From Tokens to Embodied Minds · Drill cards · Chapter 26
Drills
Computer vision foundations — CS231n, redux
10 atomic recall cards. Export to Anki and let spaced repetition do its slow work.
In Anki: File → Import, choose this TSV, set field separator to Tab, deck = Tokens to Embodied Minds · Ch 26, note type = Basic.
| Front | Back |
|---|---|
| What architectural innovation did ResNet introduce? | Skip connections: the input x is added directly to the block output F(x), so the network learns F(x) = H(x) - x (the residual). This prevents vanishing gradients through deep stacks. |
| How does ViT represent an image? | The image is split into fixed-size patches (e.g., 16x16 or 14x14 pixels), each linearly projected to a token embedding, then processed by a standard transformer encoder. |
| What is CLIP's pretraining objective? | Contrastive loss on 400M image-text pairs: embeddings of matched pairs are pulled together, mismatched pairs are pushed apart.

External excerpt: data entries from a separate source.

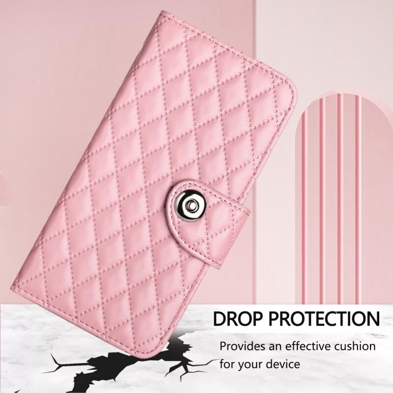 Για Samsung Galaxy A06 4G Rhombic Texture Flip δερμάτινη θήκη τηλεφώνου με κορδόνι (ροζ)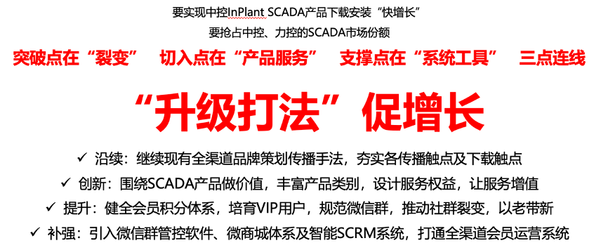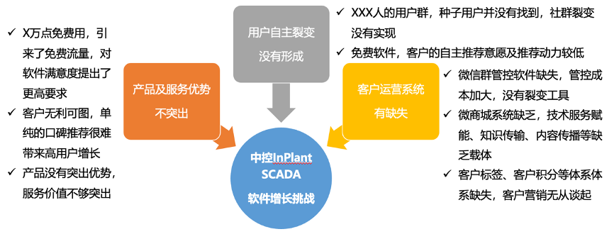 中控InPlant SCADA軟件下載問題及客戶體系建設的背后,是其對于成為“SCADA產品快增長”的渴望,是其對SCADA軟件下載、安裝、激活、推薦等問題專業(yè)化解決的渴望。其實質是引入客戶規(guī)范化運營體系,搭建“以老帶新”“微信群裂變”“全域客戶增長”機制的訴求。
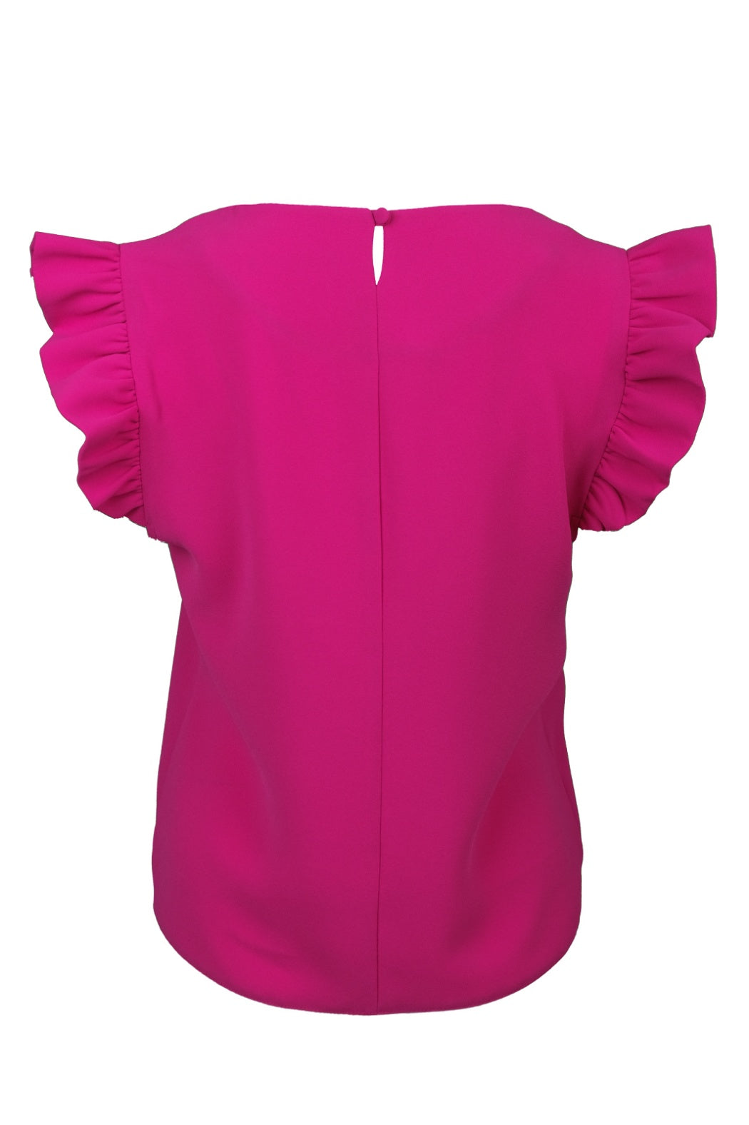 *Koyu pembe, fırfır omuz detaylı, kolsuz kadın bluz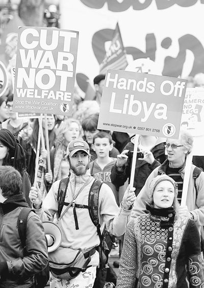 3月26日,在英國首都倫敦爆發大規模遊行示威,抗議政府裁減預算及參與對利比亞的軍事行動等。圖為抗議者打出反對幹涉利比亞的標語。 新華社發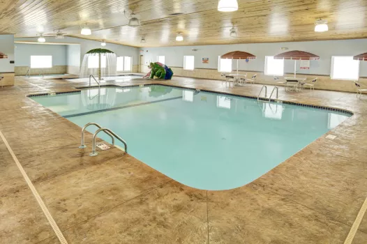 Clean and affordable! Spacious rooms with microwave, refrigerator, coffeemaker, hairdryer and iron in each room. Some rooms with step-in showers. Free Hi-Speed wireless internet in all rooms and public areas. Large indoor pool and whirlpool with a arcade room adjoining. Walking and bike path along Cascade Creek.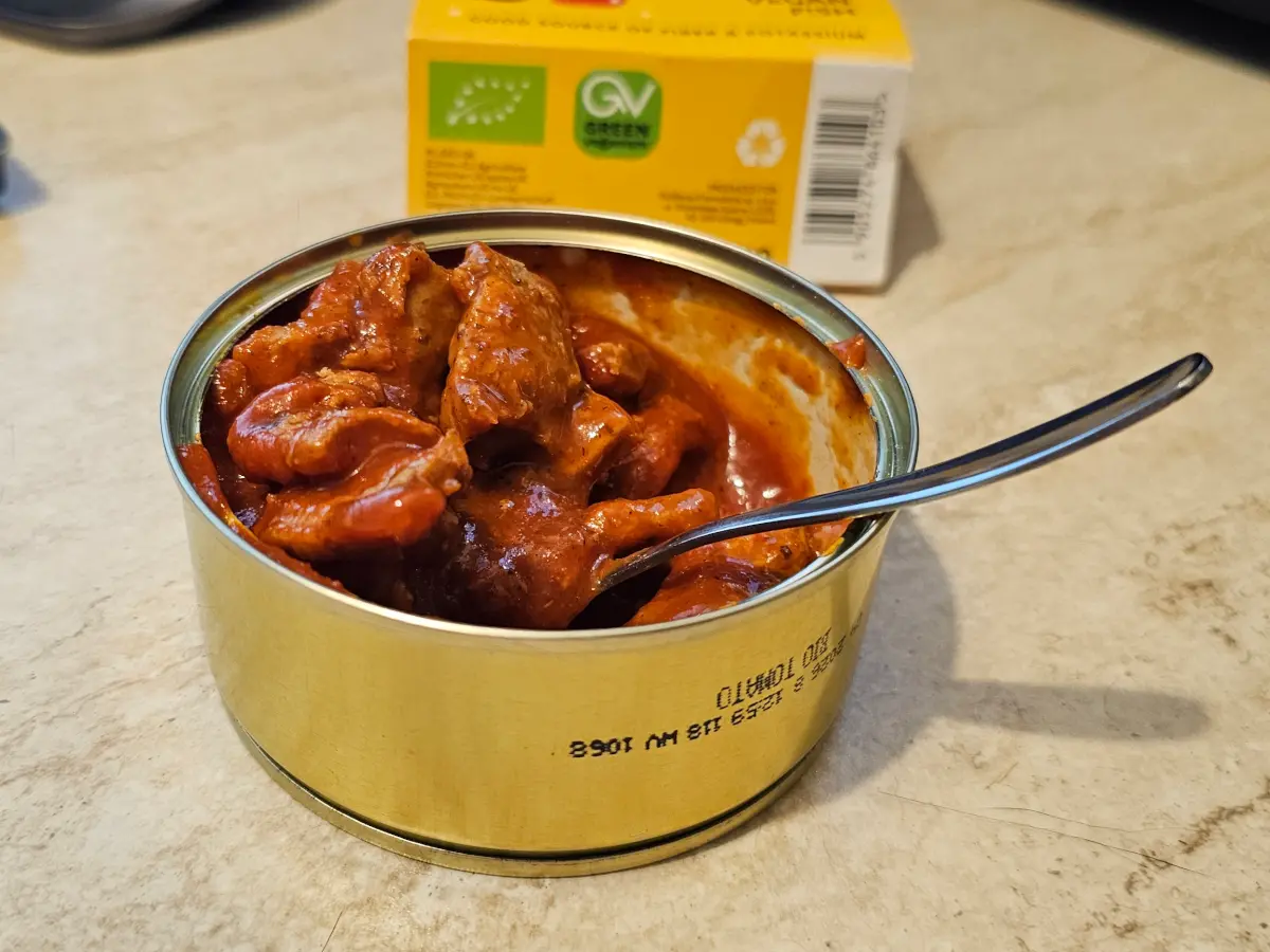 A plant-based alternative to traditional mackerel in tomatoes, based on a recipe from an old Polish fish processor.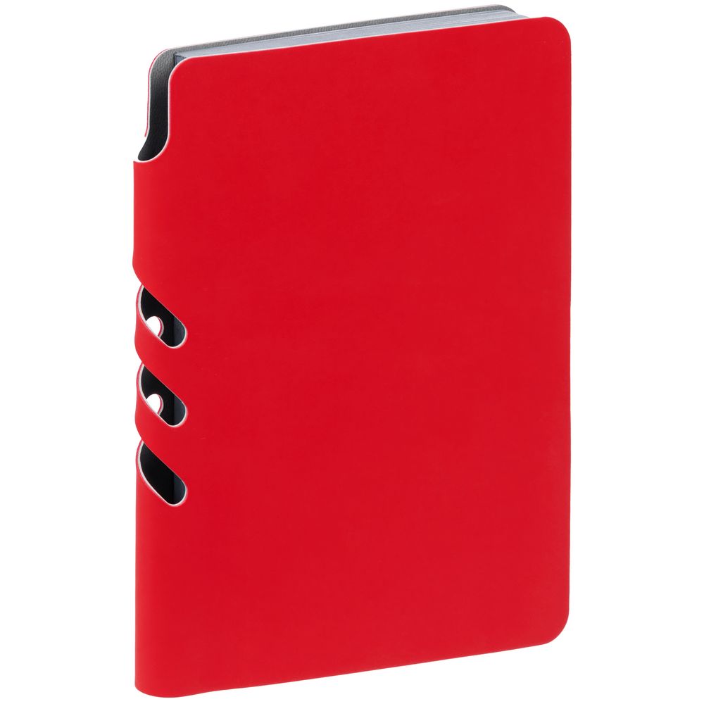 Ежедневник с гибкой обложкой выполнен из материала Soft Touch Ultra, красный РР и серого Latte (внутренняя часть обложки).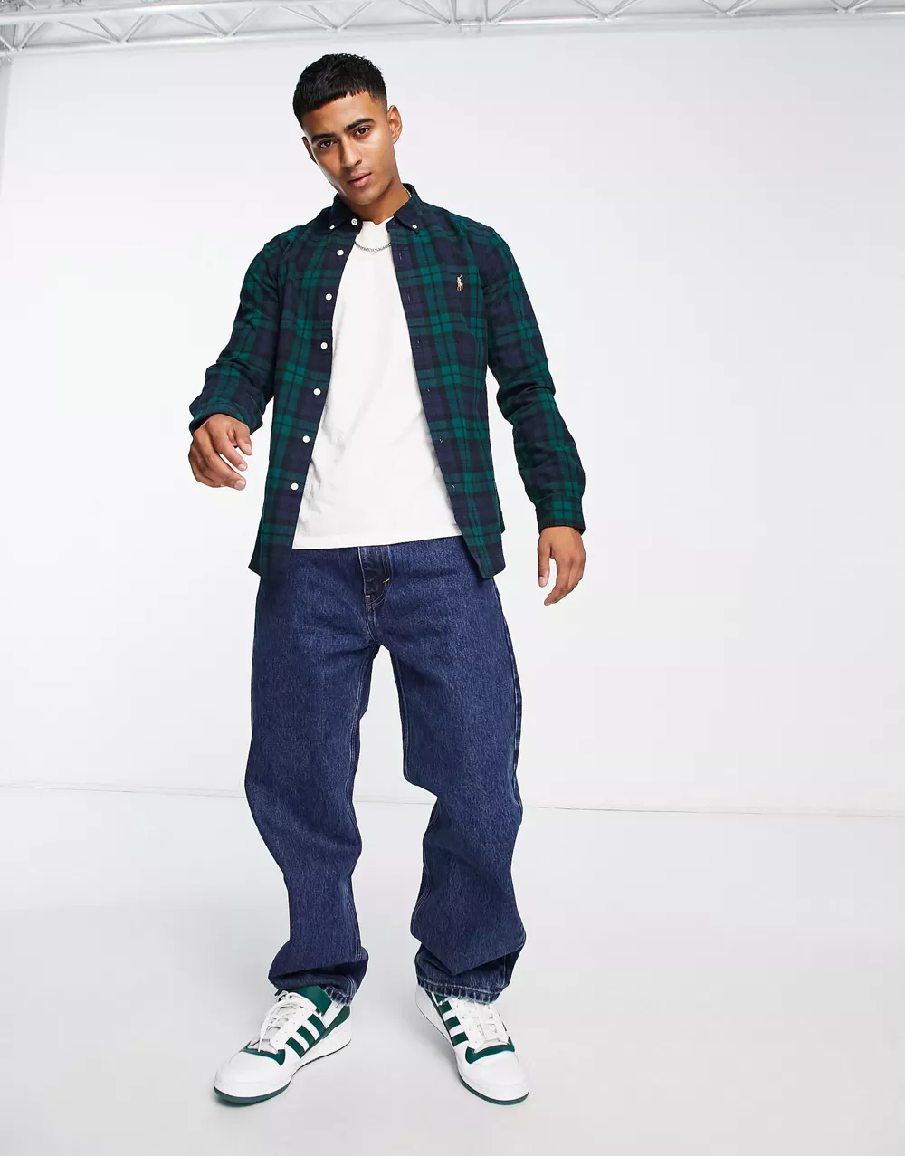Polo Ralph Lauren icon logo slim fit oxford shirt buttondown in slate grey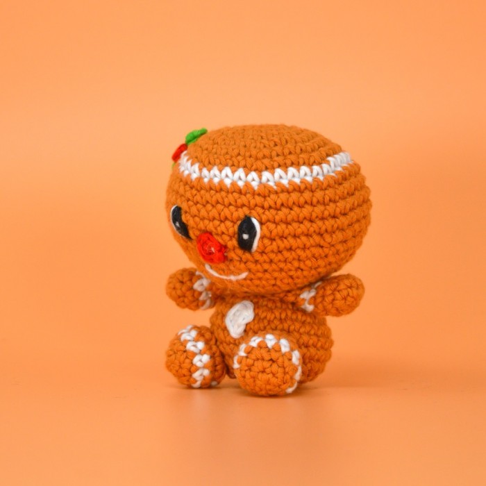 De haakkit bevat hoogwaardig 100% katoengaren in de klassieke gingerbread-kleur, aangevuld met contrasterende tinten voor de decoratieve details zoals ogen, knopen en vrolijke glazuurstrepen. Dankzij het stevige materiaal behoudt je gehaakte figuurtje zijn vorm, terwijl het toch een zachte, speelse uitstraling heeft die uitnodigt tot aanraken en bewonderen.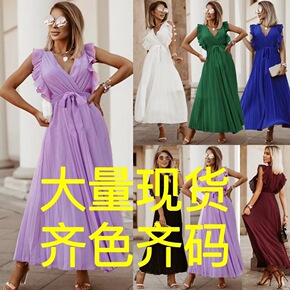 欧美亚马逊气质沙滩长裙时尚修身性感荷叶袖雪纺百褶裙纯色连衣裙
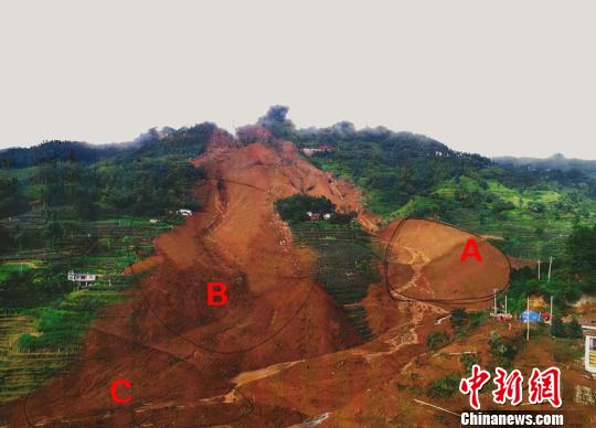 贵州水城山体滑坡救援现场划分的A、B、C救援区域。 中国安能第一工程局 供图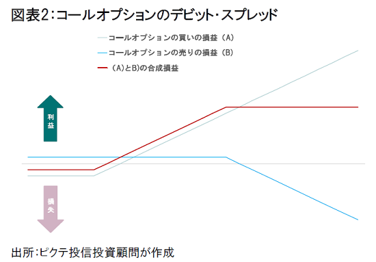 もっとも、一部の報道により、別の株価上昇要因が浮かび上がっている。9月4日付けのウォールストリートジャーナルは、SBGが、8月以降、アマゾン、ネットフリックス、マイクロソフトなど合計で40億ドル近くの現物株を購入したことに加え、関係者の話として、それらの銘柄のコールオプション(CO)を買ったこと、さらに行使価格の高いCOを売ったことを報じた。このCOの売り買いの組み合わせは、デビット・スプレッドと言われる複雑な取引手法だ(図表2)。
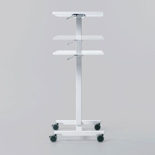 ●機器を載せたままの移動はしないで下さい。落下する恐れがあります。耐荷重以上機器や荷物は載せないで下さい。使用する際は天板を下方へ押さえつけないようにしてください。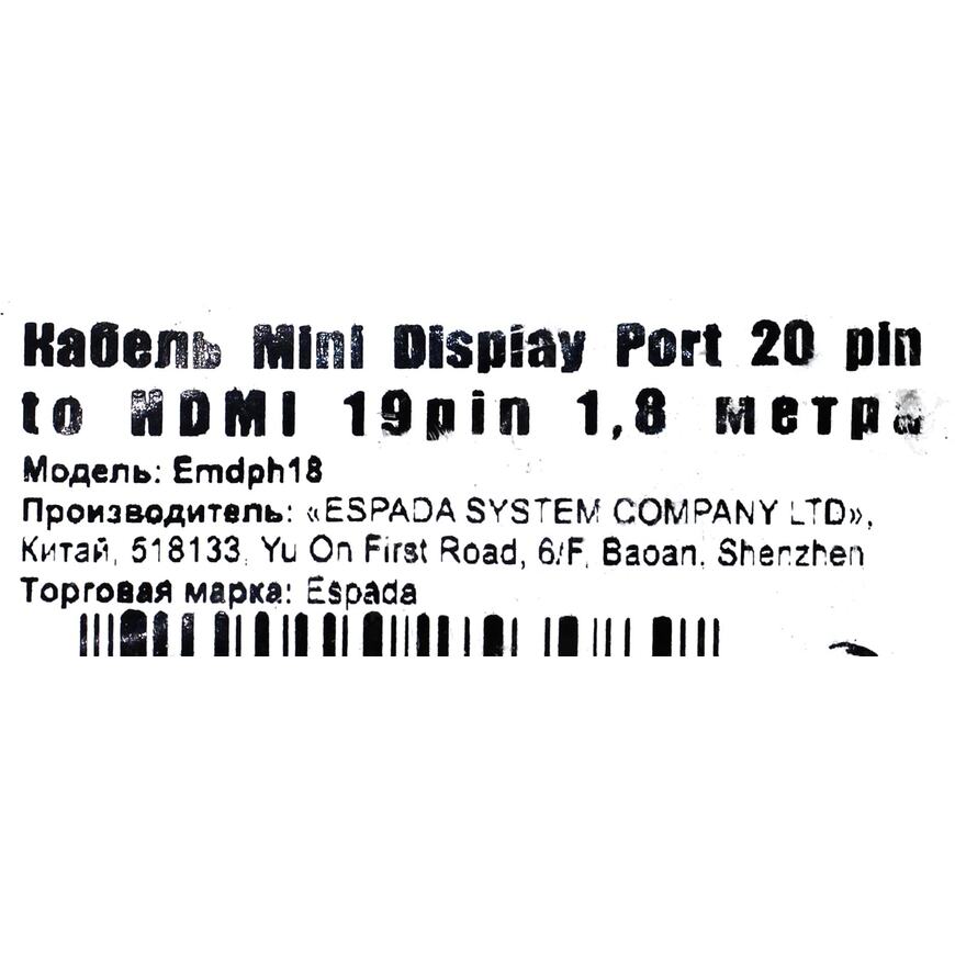 Переходник miniDisplayPort -> HDMI Espada Emdph18 Черный 1.8 м.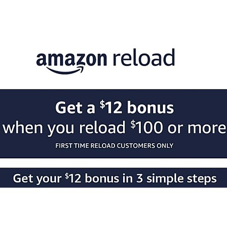 Reload $100 or more to your gift card balance for the first time and earn a $12 bonus towards your next purchase on Amazon.com. This is a limited time offer, one per Amazon account.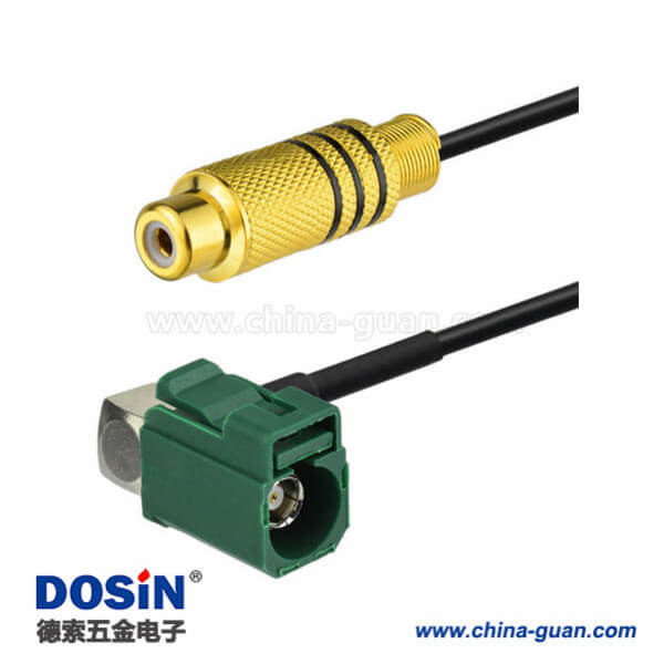 汽車天線線束Fakra E型母頭轉(zhuǎn)RCA母頭彎式視頻連接器接線1米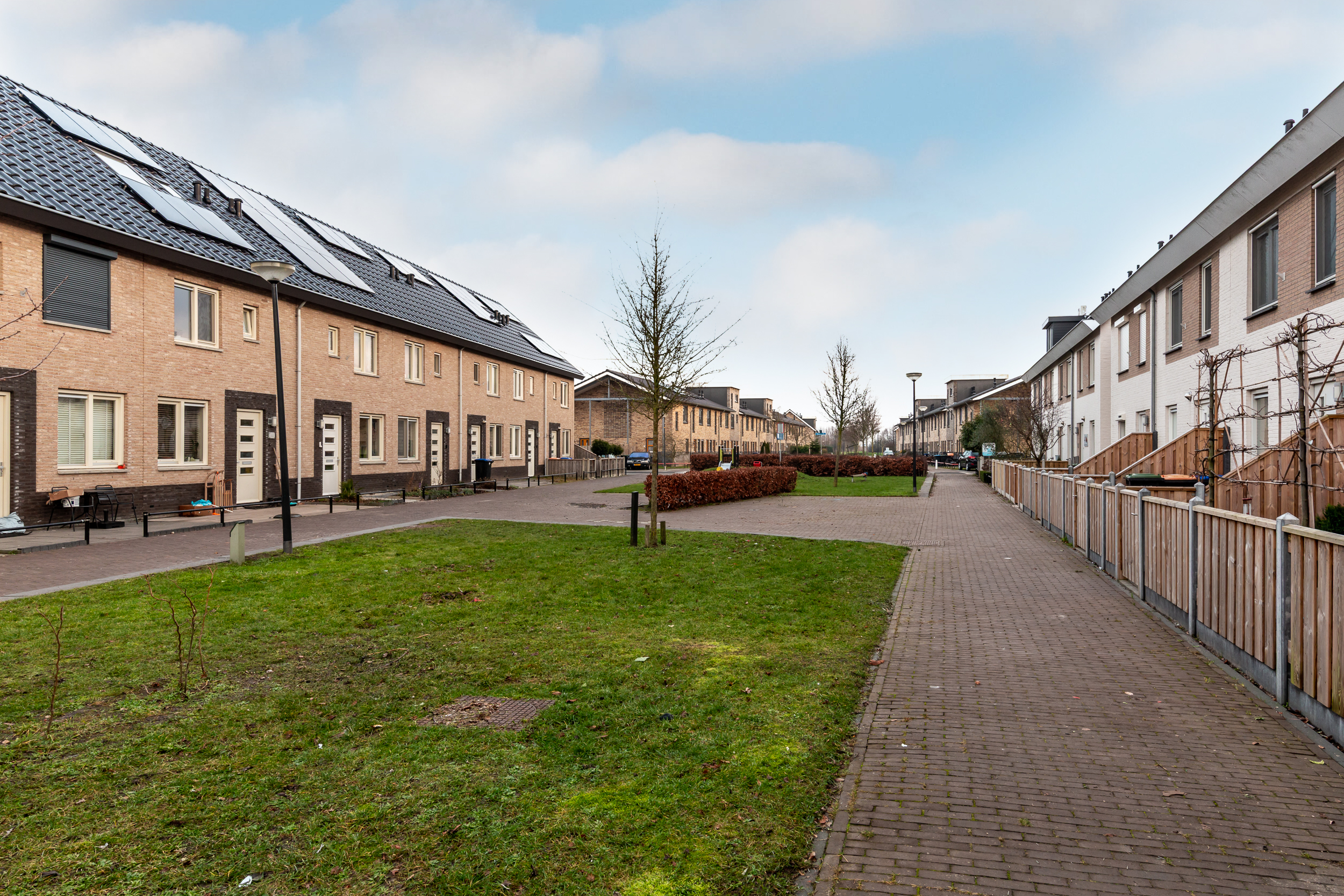 U komt te wonen in een brede, autovrije straat met tussenliggend groen waar uw kinderen veilig door de voordeur naar buiten kunnen lopen en voor de deur kunnen spelen.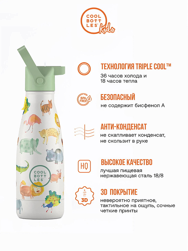 Термос–термобутылка Cool Bottles Kids серия Adventure African Safari 260 млНет оценокХарактеристики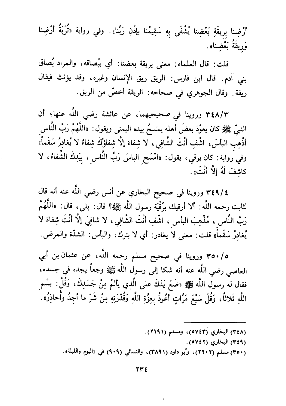 أرْضِنا بِرِيقَةِ بَعْضِنا يُشْفَى بِهِ سَقِيمُنا بإذْنِ رَبِّنا". وفي رواية: "تُرْبَةُ أرْضِنا وَرِيقَةُ بَعْضِنا".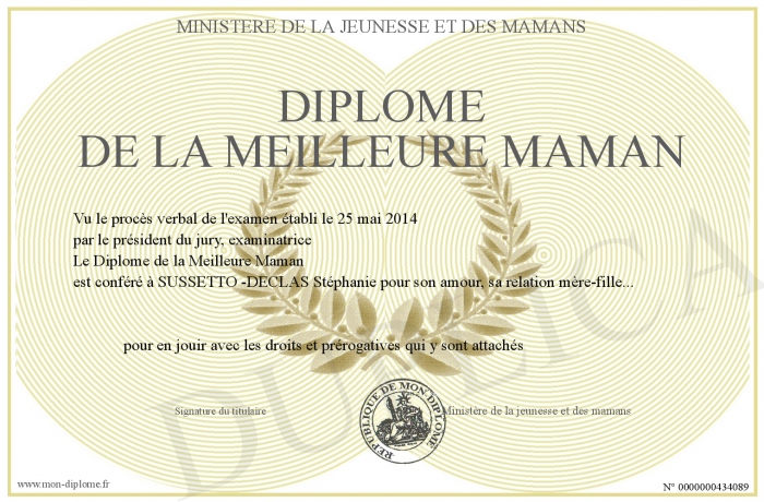Envoyez par email votre Diplôme de la Meilleure Maman personalisé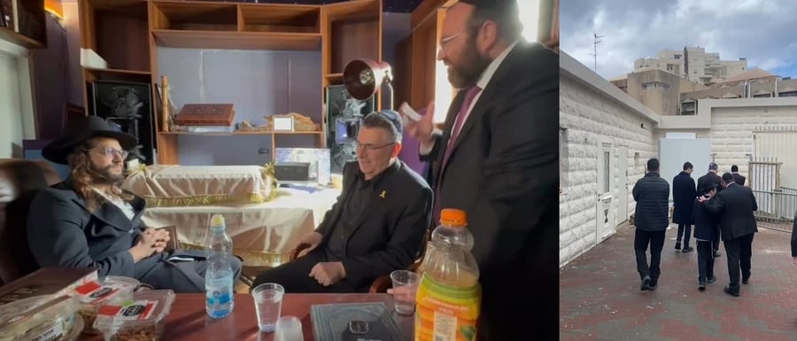 בשולחן הכבוד ראינו את שר הביטחון ישראל כ"ץ מתברך מהאדמו"ר רבי יחיאל אבוחצירא רבה של רמלה.

This aligns vision and language feature spaces. |
| What does SigLIP change vs CLIP? | SigLIP replaces the softmax contrastive loss with a sigmoid loss on individual image-text pairs, eliminating the need for large-batch normalization and reducing training cost. |
| What pretraining data and objective does DINOv2 use? | 142M curated images (LVD-142M), self-supervised learning with masked image modeling and self-distillation from a teacher ViT. No language data. |
| Why is DINOv2 preferred over CLIP for object localization in manipulation? | DINOv2's dense self-supervised features provide patch-level spatial precision for object boundaries and depth cues. CLIP's global contrastive objective optimizes for image-level semantics, not fine-grained spatial queries. |
| Which vision encoders does OpenVLA fuse? | DINOv2 ViT-B/14 (dense spatial) and SigLIP ViT-So400M (language-aligned), concatenated before the Llama 2 backbone. |
| What is the parameter count of OpenVLA vs RT-2-X, and how does task success compare? | OpenVLA: 7B parameters. RT-2-X: 55B parameters. OpenVLA beats RT-2-X by 16.5 percentage points absolute task success across 29 tasks. |
| Which vision encoder does GR00T N1.5 use? | Eagle 2.5 as the frozen VLM backbone (NVIDIA Research, June 11, 2025). Eagle 2.5 is a language-aligned vision encoder, serving the same role as SigLIP in OpenVLA. |
| What is a linear probe and when does it fail? | A linear probe trains only a linear classifier on top of frozen pretrained features. It fails (relative to full fine-tune) when the pretrained feature space does not separate the target classes well — common when domain shift is large (e.g., web-pretrained features on robot-camera household objects). |